Population viability models for an endangered endemic subtropical butterfly: Effects of fire and hurricanes on population dynamics and risk of extinction
Population viability analyses for butterflies typically use metapopulation models, but for endemic species with no redundancy among subpopulations, we need to understand local population dynamics. However, little is known about the sensitivity of butterfly population dynamics and viability to disturbances such as fire and hurricanes. The Florida leafwing (Anaea troglodyta floridalis) is endemic to pine savannas of South Florida, and has declined to occupy a single locale following extirpation of a second remnant population following hurricane Wilma in 2005. In these disturbance prone pine savannas, tropical storms and fire maintain an open canopy. However, storm surge from strong hurricanes may flood coastal areas, contaminating groundwater and resulting in persistent negative effects.
We fit quadratic models to monthly butterfly count data (1999-2014) to estimate an annual population density index that represents density during peak abundance each year. Relative population growth rate was estimated using a time series of the population density index, and population dynamics parameters r0 and K were estimated by fitting relative growth rates to density independent and dependent models that include the effects of fire. We ask how sensitive is extinction risk to natural disturbance and explore the interaction between fire frequency and density dependence.

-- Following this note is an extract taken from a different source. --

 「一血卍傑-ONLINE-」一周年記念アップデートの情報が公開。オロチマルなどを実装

Stochastic simulations of population models projected 20 years into the future suggest that extinction risk is sensitive to carrying capacity and fire frequency. Although the density independent model had the highest relative likelihood, density dependent models produced population trajectories with behavior more congruent with data from the Anaea troglodyta floridalis population. Density dependent models provided a more optimistic outlook relative to density independent models (8% vs 66% probability of extinction in 20 years). The absence of fire increased sensitivity of relative growth rate to density, and the occurrence of fire buffered this sensitivity by increasing carrying capacity. Hurricanes did not occur frequent enough to test their effects statistically, but large hurricanes at their historic frequency were simulated to cause a string of years with poor growth. Large hurricanes increased extinction risk almost 30%.

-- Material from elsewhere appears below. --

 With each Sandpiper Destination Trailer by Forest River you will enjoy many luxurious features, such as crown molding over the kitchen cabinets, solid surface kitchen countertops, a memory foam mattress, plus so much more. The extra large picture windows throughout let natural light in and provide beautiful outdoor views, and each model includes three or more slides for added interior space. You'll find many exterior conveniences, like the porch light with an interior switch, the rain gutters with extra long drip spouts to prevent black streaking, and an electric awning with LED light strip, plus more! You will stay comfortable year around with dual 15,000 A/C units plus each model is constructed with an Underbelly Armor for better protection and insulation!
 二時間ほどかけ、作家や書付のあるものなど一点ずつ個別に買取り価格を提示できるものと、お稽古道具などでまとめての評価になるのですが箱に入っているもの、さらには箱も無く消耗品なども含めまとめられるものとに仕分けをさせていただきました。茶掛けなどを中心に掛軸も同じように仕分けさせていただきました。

Our work is one of very few population viability analyses that links butterfly population dynamics to stochastic disturbances. Extinction risk was most sensitive to the inclusion of density dependent dynamics. Broad confidence intervals around our estimates characterize the uncertainty in otherwise optimistic extinction probability estimates. Our simulations suggest that improving carrying capacity would provide the best buffer to extinction for this endangered endemic butterfly.